Refer to the online help for additional information about Solaris Management Console tools. For an introduction to the tools that Trusted Extensions modifies, see Solaris Management Console Tools.

To close the GUI, choose Exit from the Console menu.

How to Start CDE Administrative Actions in Trusted Extensions

Assume a role.

For details, see How to Enter the Global Zone in Trusted Extensions.

In Trusted CDE, bring up the Application Manager.
1. Click mouse button 3 on the background to bring up the Workspace menu.
2. Click Applications, then click the Application Manager menu item.
  
  The Trusted_Extensions folder is in the Application Manager.

Open the Trusted_Extensions folder.

Double-click the appropriate icon.

For a list of administrative actions, see Trusted CDE Actions.

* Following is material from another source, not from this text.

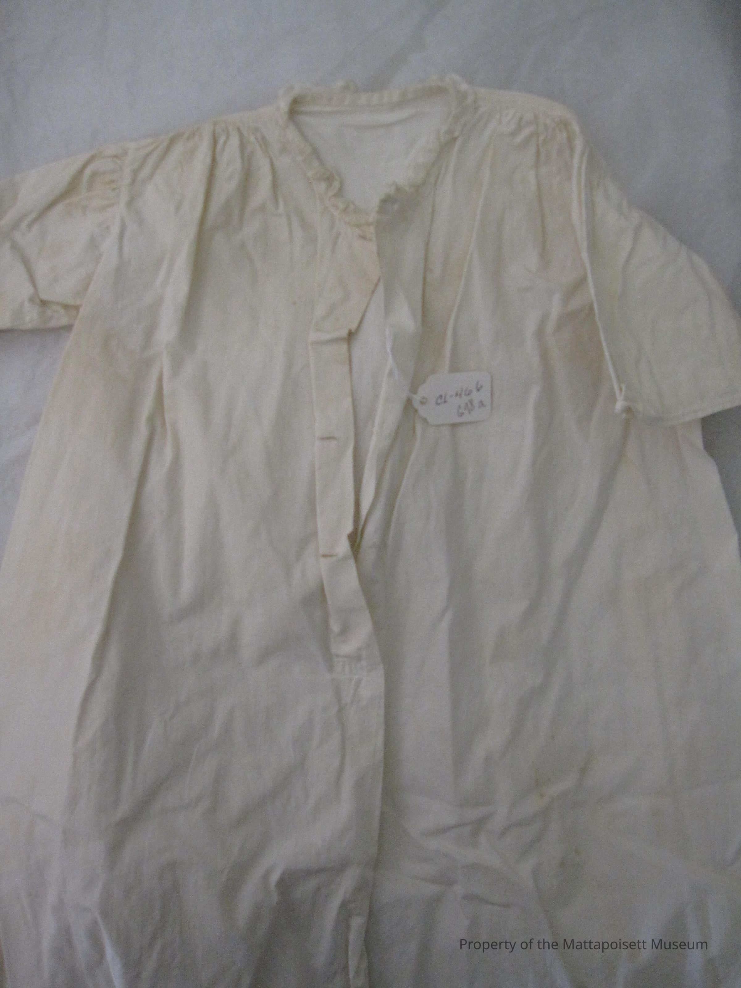 Child's white cotton nightdress. Simple lace detail at collar. Short sleeves.Collection

How to Edit Administrative Files in Trusted Extensions

Administrative files are edited with a trusted editor that incorporates auditing. This editor also prevents the user from executing shell commands and from saving to any file name other than the name of the original file.

Assume a role.

For details, see How to Enter the Global Zone in Trusted Extensions.

Open a trusted editor.
- In Solaris Trusted Extensions (CDE), do the following:
  1. To bring up the editor, click mouse button 3 on the background to bring up the Workspace menu.
  2. Click Applications, then click the Application Manager menu item.
    
    The Trusted_Extensions folder is in the Application Manager.
  3. Open the Trusted_Extensions folder.
  4. Double-click the Admin Editor action.
    
    You are prompted to provide a file name. For the format, see Step 3 and Step 4.
- In Solaris Trusted Extensions (JDS), do the following:
  - (Optional) To use gedit as the trusted editor, modify the EDITOR variable.
    
    For details, see How to Assign the Editor of Your Choice as the Trusted Editor.
  - Use the command line to bring up the trusted editor.
    # /usr/dt/bin/trusted_edit filename
    You must provide a filename argument.

To create a new file, type the full path name for the new file.

When you save the file, the editor creates a temporary file.

To edit an existing file, type the full path name for the existing file.

Note –
If your editor provides a Save As option, do not use it. Use the editor's Save option to save the file.

To save the file to the specified path name, close the editor.